Posted by Paul McDougall, Sep 5, 2008 12:42 PM

Microsoft's new Windows ad, featuring Jerry Seinfeld, is outdated and not very funny -- but it's highly revealing of all that's wrong out there in Redmond.


The background: Windows is losing market share to Apple's Mac OS and even Linux. And Vista, the latest version, has been a big fat dud. Businesses have shunned it outright, and many consumers find it unintuitive and difficult to use.

So, Microsoft hired "award winning" agency Crispin, Porter + Bogusky -- at a reported cost of $300 million -- to give Vista, and the Windows franchise in general, an image makeover.

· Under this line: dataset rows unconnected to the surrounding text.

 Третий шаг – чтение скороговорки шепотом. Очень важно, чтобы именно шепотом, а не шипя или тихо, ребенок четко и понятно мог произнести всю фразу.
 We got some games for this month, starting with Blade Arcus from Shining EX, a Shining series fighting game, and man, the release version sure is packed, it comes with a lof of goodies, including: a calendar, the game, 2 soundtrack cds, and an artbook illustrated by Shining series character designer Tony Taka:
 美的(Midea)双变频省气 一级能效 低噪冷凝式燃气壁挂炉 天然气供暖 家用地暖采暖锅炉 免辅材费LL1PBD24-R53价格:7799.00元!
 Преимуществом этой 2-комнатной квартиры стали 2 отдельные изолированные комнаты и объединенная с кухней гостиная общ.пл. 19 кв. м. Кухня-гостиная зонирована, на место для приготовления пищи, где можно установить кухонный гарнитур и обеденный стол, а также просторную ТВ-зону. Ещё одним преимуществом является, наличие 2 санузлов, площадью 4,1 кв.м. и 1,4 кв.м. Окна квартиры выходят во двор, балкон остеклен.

The Seinfeld ad debuted Thursday and it's the first piece of an integrated marketing campaign covering TV, the Web, and point-of-sale outlets.

It's not going to work.

The ad shows Seinfeld helping Microsoft chairman Bill Gates buy shoes at a discount store. Gates opts for a pair called The Conquistador. "They run very tight," Seinfeld warns. It does not get any funnier than that.

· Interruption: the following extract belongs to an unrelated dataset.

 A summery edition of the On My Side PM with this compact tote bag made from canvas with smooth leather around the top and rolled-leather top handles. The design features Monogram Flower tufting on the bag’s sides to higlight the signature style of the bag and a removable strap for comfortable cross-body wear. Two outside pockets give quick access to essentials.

But it's a remarkable, 90-second second encapsulation of why Microsoft is going to have a tough time thriving in the Web 2.0 world, where consumers -- not agencies and marketers -- decide what's in.

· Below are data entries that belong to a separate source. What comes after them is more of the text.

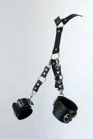 Black Whip - Handcuff Set with Leather Connection and Metal Detail - APFT1024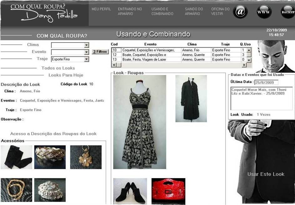 Imagine só ver o seu guarda-roupa inteirinho em apenas um click! O mais novo software “Com Qual Roupa?”, criado por Dany Padilla, disponiliza o seu closet e permite combinações de looks incríveis. O programa cataloga por fotos as peças do seu armário, desde a calça jeans, passando pelos acessórios, até as roupas íntimas. Tudo isso com informações de cores, estilos e até a última data utilizada (chique, né?).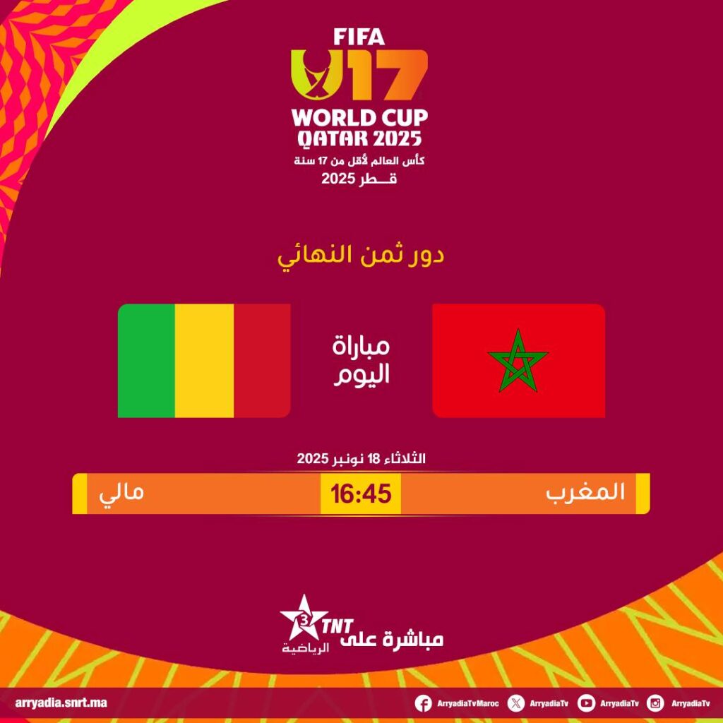 تتجه الأنظار لمواجهة المغرب ومالي (أقل من 17 سنة) في دور الـ16 بكأس العالم. مدرب مالي ينفي الثأر ويؤكد على هدف التأهل، مشيرًا إلى جاهزية فريقه. لاعبو مالي يعلنون عن طموحهم بالفوز من أجل الشعب. المغرب يستعد بالتركيز على التكتيك والسرعة. المباراة ستقام في أكاديمية أسباير يوم الثلاثاء (16:45 +1 غرينيتش) وستُنقل على بين سبورت المفتوحة وقناة الرياضية.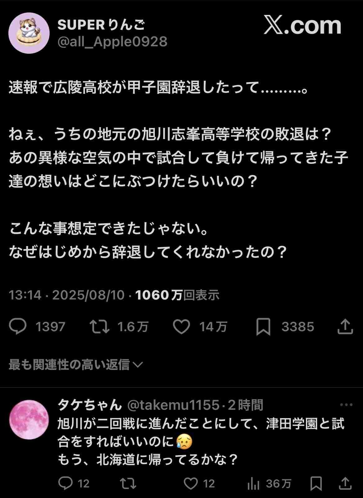 騒動の責任は旭川志峯にもある - 37 : 2025/08/10(日) 17:24:50.65 ID:q8DVth+Y0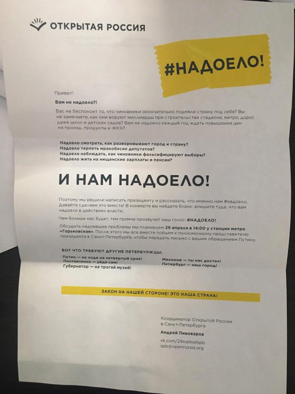 Митинги 26 марта выросли из конкретных претензий к конкретному человеку — премьер-министру Дмитрию Медведеву, против которого Фонд борьбы с коррупцией Алексея Навального выдвинул прямые обвинения. Это сработало, но это же стало и почвой для упреков: понятно, конечно, что Медведев для протестовавших — типичный представитель коррумпированной и несменяемой власти, и вопросы задавались власти в целом. Но все же многие отмечали, что для обозначения власти в целом есть персона куда более понятная, чем несамостоятельный и часто просто комичный премьер. «Открытая Россия» действует, учитывая эти упреки: мишенью акции «Надоел» стал президент Владимир Путин. Это он надоел. Это к нему с требованием уйти обратятся участники шествий 29 апреля. Кстати, ему же и понесут письма о его неучастии в выборах. В Москве планируется доставить их непосредственно в администрацию президента.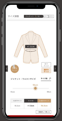 今までは、スーツやジャケットの注文後にサイズを登録する流れでしたが、お客様がオンラインでオーダーする不安に「着たときに合うようにサイズを選べるか」という声も多くありました。今回の新サービスは「まずはお気に入りのサイズを登録」し、登録したサイズをスマートフォンで確認した後に注文を決定できるようにしました。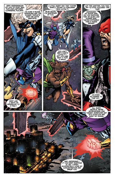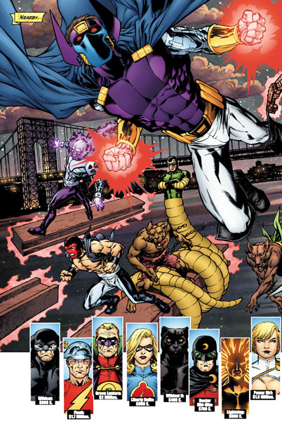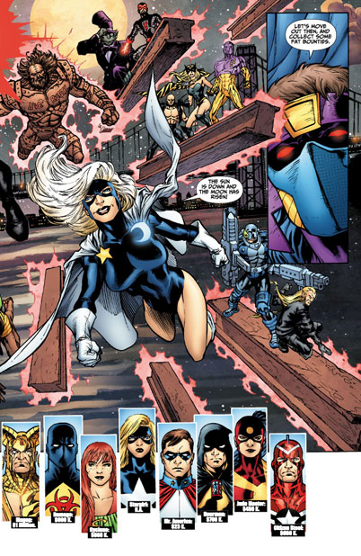 pursuit of the lofty bounties placed over the heads of the JSA! It doesn't help matters much when Magog calls for a retreat while Citizen Steel orders the team to stand their ground leaving many of his teammates confused as to what they should do. Even though both Green Lantern and Power Girl head towards the fray, it may not be enough!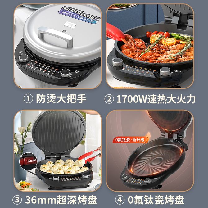 组合销售 产品介绍 产品规格 售后服务 产品咨询 发现好货 苏泊尔(SUPOR)电饼铛家用 双面加热煎饼铛煎烤机三明治机烙饼锅早餐机25mm加深烤盘火力可调JD31A847A 6500 里程 苏泊尔(SUPOR) 电饼铛 自动煎烤机 电火锅多功能 加大加深60mm双加热烙饼 锅面煎饼电饼档 两档火力 JT30A818 5700 里程 苏泊尔(SUPOR)电饼铛家用双面加热电饼档煎烤机烙饼机双面悬浮加热早餐机三明治机JJ30A648-Q 5400 里程 美的(Midea)电饼铛家用智能双面加热煎烤机烙饼机蛋饼机薄饼机煎饼烙饼锅JHN30F 4800 里程 小熊/Bear 八角电烤盘家用无烟电烤炉多功能烤涮电火锅烤肉锅 6500 里程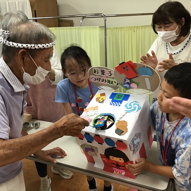 お菓子つかみ取り♪たくさんのボランティアの皆さんと夏休みこども体験の小中学生も来園してくれました。暑い中お越しくださり本当にありがとうございました!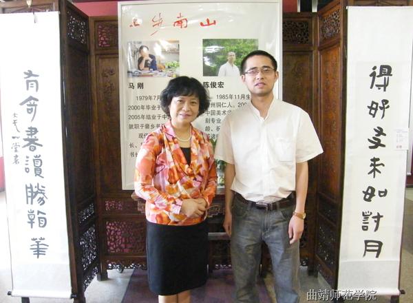 校长周本贞出席展览并与美术学院教师陈俊宏合影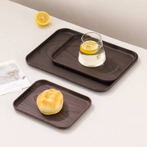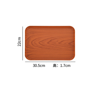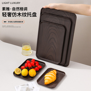 跨境新品长方形家用塑料托盘高颜值酒店客厅仿木纹盘子餐盘面包店

For starters, what does the decision to use a 54-year-old, white, multimillionaire comedian, whose show went off the air 10 years ago, as the centerpiece of a campaign that's supposed to give Windows a hip new image and help Microsoft reconnect with younger buyers, tell us about the company?

Mostly that it's dominated by middle-aged white guys who made their own millions more than a decade ago and who are woefully out of touch with America's changing demographics and any generation that doesn't go by the initials BB.

These guys probably still think the Fonz is cool.

The ad also is a good metaphor for Windows Vista itself. Despite the hype surrounding its launch (Dan Lyons, aka "Fake Steve", thinks Microsoft deliberately leaked Seinfeld's involvement to generate some buzz), the first spot is being greeted with a resounding, "Huh?"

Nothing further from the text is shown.